Title: learning how to communicate effectively
Post by: Elli64 on October 10, 2017, 10:44:45 AM
I'm the mum to a 28 year old who has been recently diagnosed with emotionally unstable BPD. Little professional help seems to be available locally and I struggle with constantly 'walking on eggshells'.  I need some help with setting boundaries and taking back some control of my life.  I love my son dearly, but am tired of the seemingly endless 'battles' over things that I just don't understand. I want to help him and am struggling with his perception of me as 'good mum' 'bad mum'.  He can be very critical and idealistic (which I know are part of the condition) and manipulative. He doesn't work and I support him financially (working 2 or even 3 jobs).  The latest issues are around 'our' financial situation and his perception that I should be able to save 'X' per month. I feel a lot of pressure to provide and like many people am noticing that bills etc are continually going up. When we discuss the issue he won't listen to reality and says I've always got an excuse.  I should probably say here that I am a single parent - dad passed away 14 years ago.  he was an alcoholic and I now think that he too was BPD (very controlling and possessive). I'm based in the UK but any help from fellow forum members would be very much appreciated


Title: Re: learning how to communicate effectively
Post by: Feeling Better on October 12, 2017, 11:01:48 AM
Hi Elli64

Welcome, you should be able to find lots of help and resources here, I know how emotionally draining it can be trying to do the best by our borderline offspring, never getting it right whatever we do. It can be so frustrating. It's good to read that you recognise the importance of setting boundaries and help for doing that can be found in Tools on the right.
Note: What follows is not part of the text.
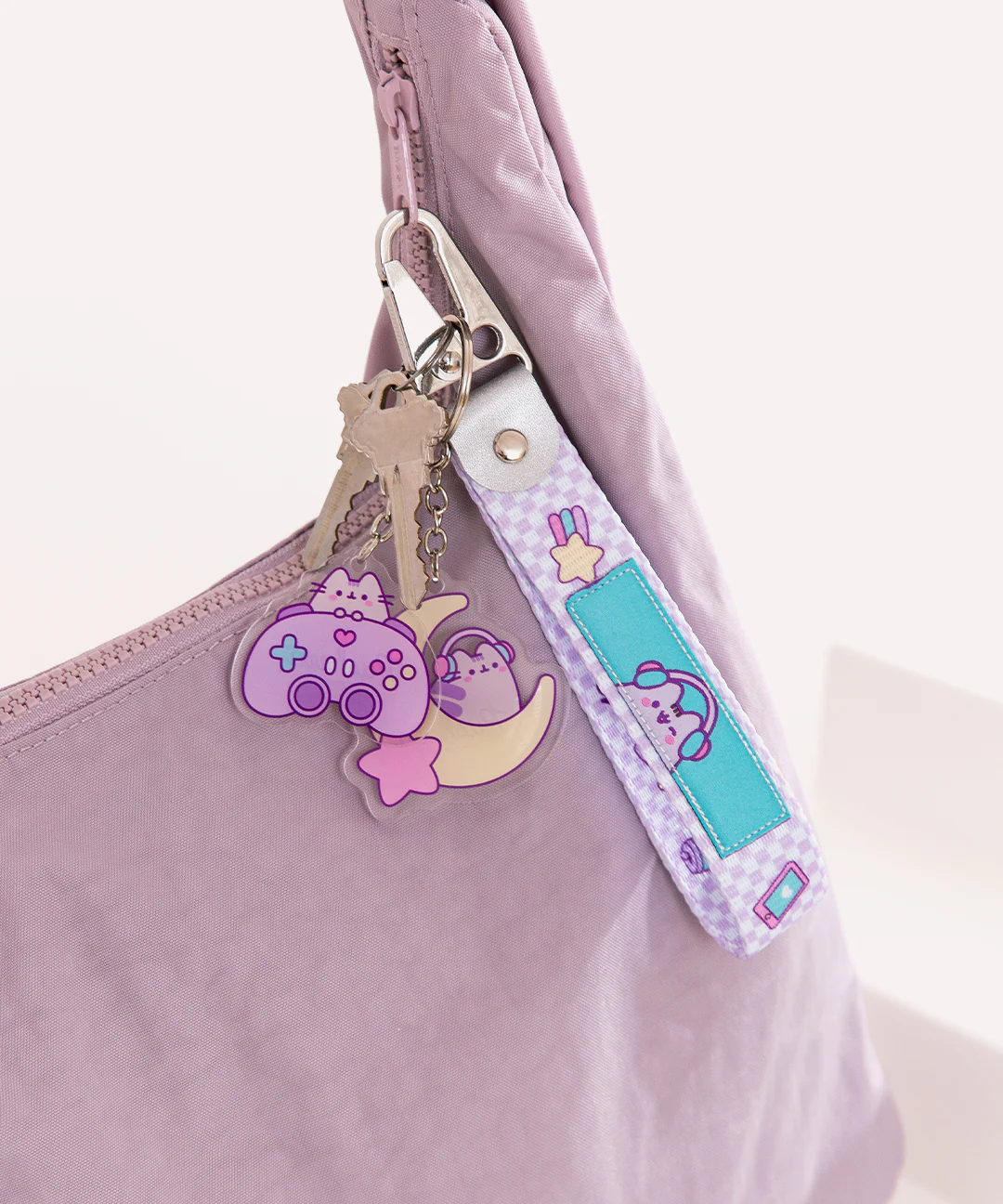 Keep Pusheen and your keys close at hand! The Gamer Pusheen Controller Keystrap has an embroidered patch. and the woven strap measures 10" long and fits comfortably around the wrist. With two gamer acrylic charms, this keystrap is the cutest accessory!
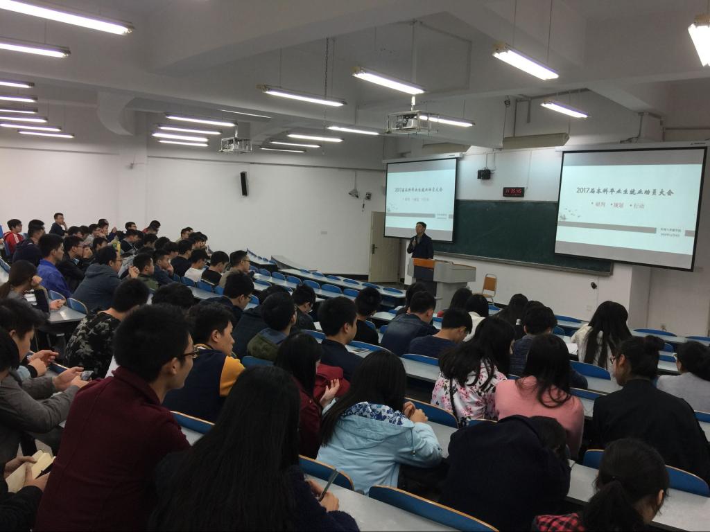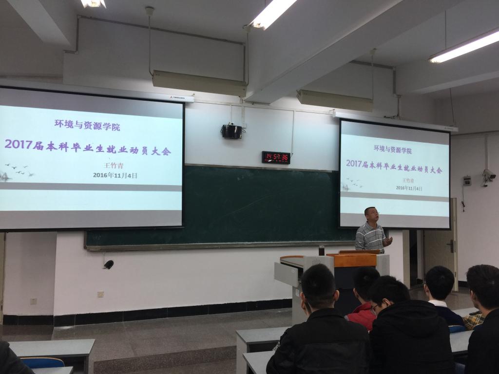 2016年11月4日下午2:30,环境与资源学院2017届本科毕业生就业动员大会在90326顺利召开。大会由环资公司党总支王竹青书记主讲,环资公司傅敏经理、就业联络员秦爽、毕业班辅导员卢鹏和边凤霞老师出席了此次大会,2017届大部分员工参加了此次动员大会。

You say that your son doesn't work and you support him financially by doing 2 or 3 jobs. Wow! What number of hours do you actually work?

Does your son claim benefits, and if so, does he contribute towards the finances?

How likely is it that your son could go out to work?

It seems to me that you are doing all you can but if as you say, you are putting yourself under pressure, you need to step back and take care of your needs as well as your son's. Your health is important too.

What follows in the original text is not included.